Old school reverbey pop sounds from Philly’s The Interest Group.
Some interesting indie-experimental stuff from these Toronto peeps, CRHYMES.
Our favourite operatic, Asian-culture-influenced band from Montreal, the most excellent Yamantaka//Sonic Titan (who we interviewed a while back!) put out this killer cover of David Bowie‘s “John, I’m Only Dancing” recently on the Toronto label Paper Bag‘s also-recent tribute album to David Bowie‘s classic Ziggie Stardust And The Spiders From Mars. If you know that album to some extent, you know that this song wasn’t on there – and so it is relegated to bonus track status, though it remains an album track in my heart…cuz it’s really, really cool. Like I don’t usually care about covers, but this one really is note-worthy.
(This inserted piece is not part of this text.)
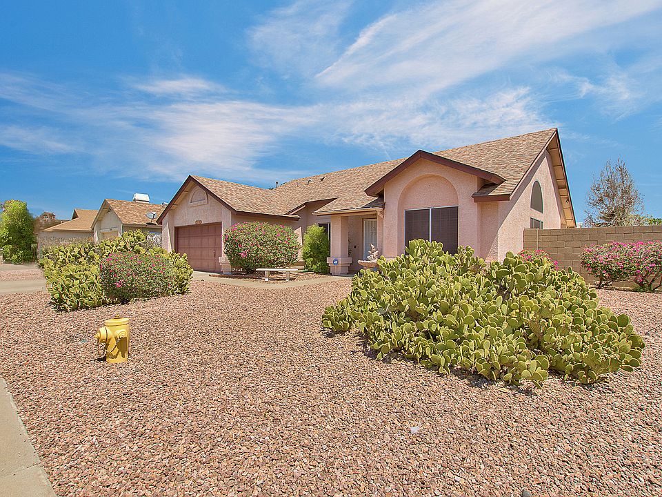 Don't miss out on this AMAZING home in Mesa! The home shows pride of ownership and has been well maintained! You're going to love the premium corner lot with only one neighbor. Enter the home and you're going to find vaulted ceilings, gorgeous white plantation shutters, glass pane french doors going into the den/office, upgraded fans/lighting, the carpet is in great shape with a nice pad, spacious kitchen with bar-top, dining area, tons of cabinet storage, pantry, gas stove-top, gorgeous plank laminate wood flooring in the kitchen and hallway, remodeled guest bath with a new vanity, spacious secondary bedrooms, laundry room with washer/dryer, large master bedroom, dual vanities in the master bath with a door to the backyard! The roof was replaced in 2012. The HVAC was replaced in 2013! The backyard is going to be your weekend oasis! There is a large sparkling pool, covered patio, and tons of cool-decking for laying out. The home is centrally located with quick access to the highway, shopping and restaurants. You're going to love everything about this home!

So here’s another bit of classic Israeli rock – Rami Fortis. This guy – at least on his first album, Plonter – was kind of the Israeli equivalent to Iggy Pop. His stuff on that album is loud, noisy, and aggressive. It was also totally unsuccessful, and after it came out, Fortis decided to put his solo stuff on hold and join the relatively-successful Minimal Compact, a (mostly) Israeli post-punk band that was based in Germany in the 80’s. After a while he got back to his solo stuff with 1988’s סיפורים מהקופסא (Stories From The Box), and though he got considerably tamer and more pop-oriented, his newer work enjoyed more commercial success, and he’s been pumping stuff out pretty consistently ever since. What I’ve heard of it is deece, but it doesn’t seem as though he’s ever delivered anything as hard-hitting and flat out classic as Plonter.
So more about that album.
Admittedly, there ain’t no Iggy Pop but Iggy Pop, but Fortis does a pretty commendable job trying to match his chutzpa with a solid set of punk songs (and one reggae track). What are the songs about? Political stuff, I think, mostly or partly at least – my Hebrew’s still not so good that I can understand everything going on. Working on it though.
Anyways, that’s all I got to say about the album – the whole thing’s streaming on bandcamp (along with like, almost all his work) so you can check it out.
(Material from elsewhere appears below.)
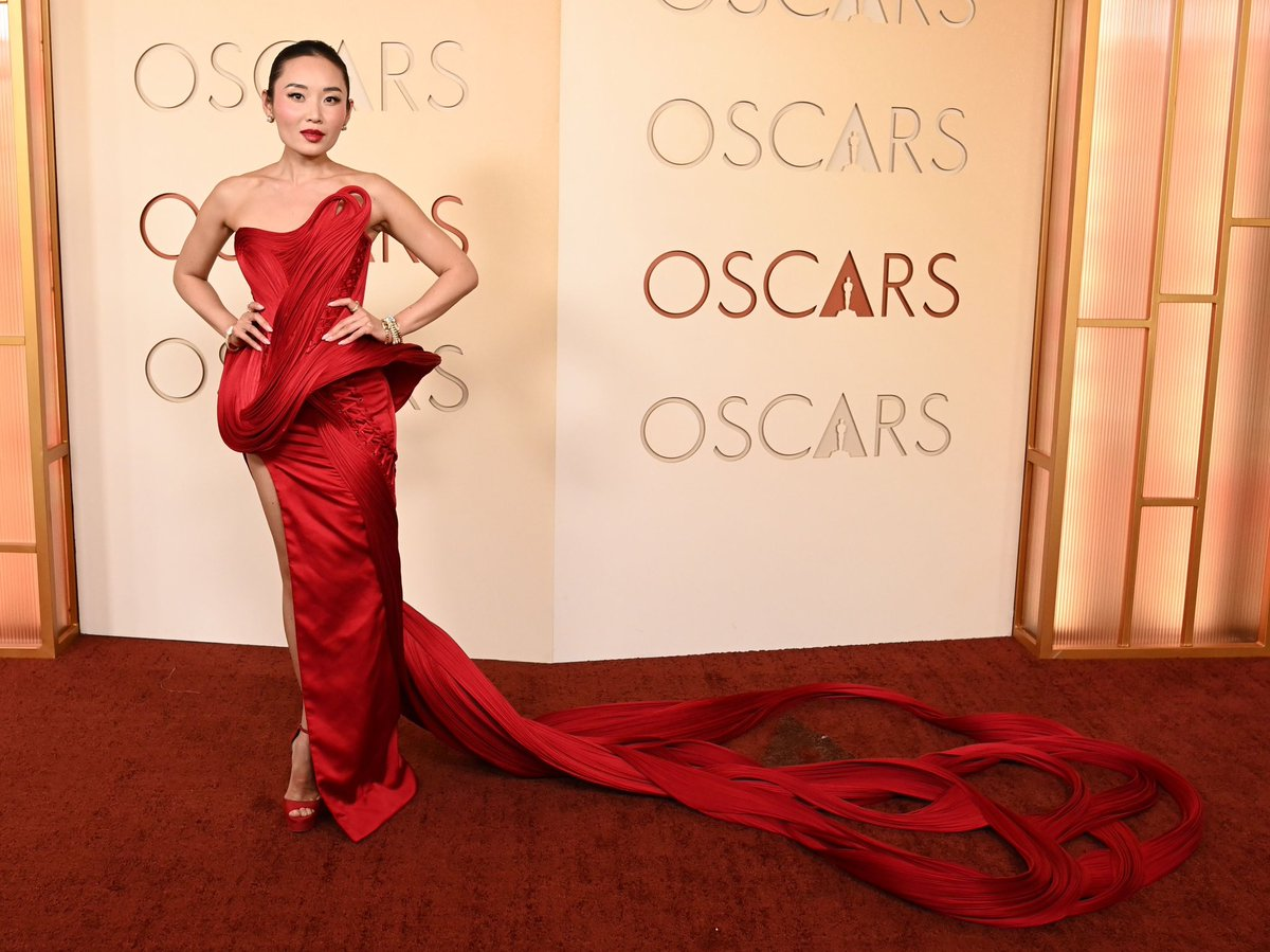 Last year’s best actress, Mikey Madison decidiu honrar o momento com um vermelho na versão mais dramática possível: um vinho profundo, com brilho suave e energia total de “diva de cinema clássico”.

Some ambient-not-quite-rock from New Jersnicks Deep Sleeper before I head off into my own deep sleep…
I started my service this month and I really don’t have a lot of spare time (like, for relz) so that’s why this mix has taken a while to materialize. That being said – August was another solid month for indie rock. Unfortunately it seems as though most Israelis haven’t even heard of the genre of indie rock (despite the fact that apparently they’re from one of the 25 top countries from which readers responded to Pitchfork’s recent People’s List (and that a solid Israeli indie rock band made this month’s mix)), so they may not care much about this mix, but hopefully some of you out theres in the world wide web will enjoy it.
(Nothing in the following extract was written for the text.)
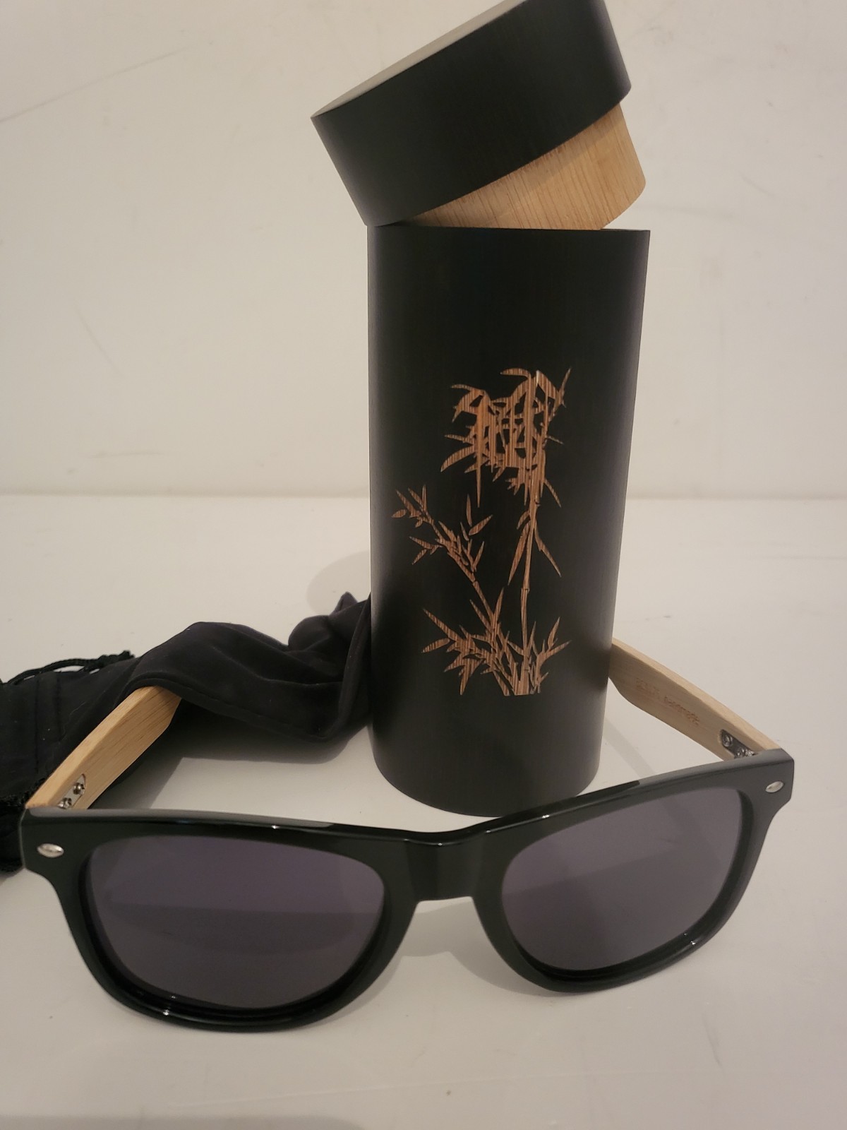 BARCUR Lunettes de soleil branches bambou fait main avec boite bambou noire

1. We Are Pirates – Running
2. ועדת חריגים – העולם אבר מזמן
3. Ariel Pink – Symphony Of The Nymph
4. GRMLN – Coral
5. Peace Arrow – Gremlins
6. A.C. Newman – Not Talking
7. Shy Kids – Teachers
8. Mount Eerie – Ocean Roar
9. DUDES – Teenage Rebels
This is my new favourite album. I was into Jens Lekman‘s older stuff too, but felt his albums were always a bit long and inconsistent, though when good – very good. But now he’s really put together a solid, concise, and purposeful album of solid, sugary, romantic Swedish pop.
In terms of how the actual songs relate to his previous work, they’re not much different – wonderful arrangements, clever, detailed lyrics, hooks galore, etc. Lekman’s always been a truly delightful songwriter, and, without a doubt, this new batch of songs continues to display his knack for storytelling and (often very funny) observation. The last couple songs on the album are the best and “I Know What Love Isn’t” in particular has some phenomenal lines like, “Hey do you wanna go see a band?/No, I hate bands/It’s always packed with men spooning their girlfriends and clutching their hands/As if they’d let go, their feet would lift from the ground and ascend.” So true.
But as I said before, this album stands apart because of its consistency and construction – its even got a little instrumental prelude foreshadowing the melody of the closer, the blatantly Simon & Garfunkle-esque “Every Hair Knows Your Name”. The theme is love or lost love or something but that’s kind of the deal with all of Lekman’s stuff, so I don’t really know if he gets any points for that. But considering the ten great tracks we get, I don’t think Lekman needs to earn any more points.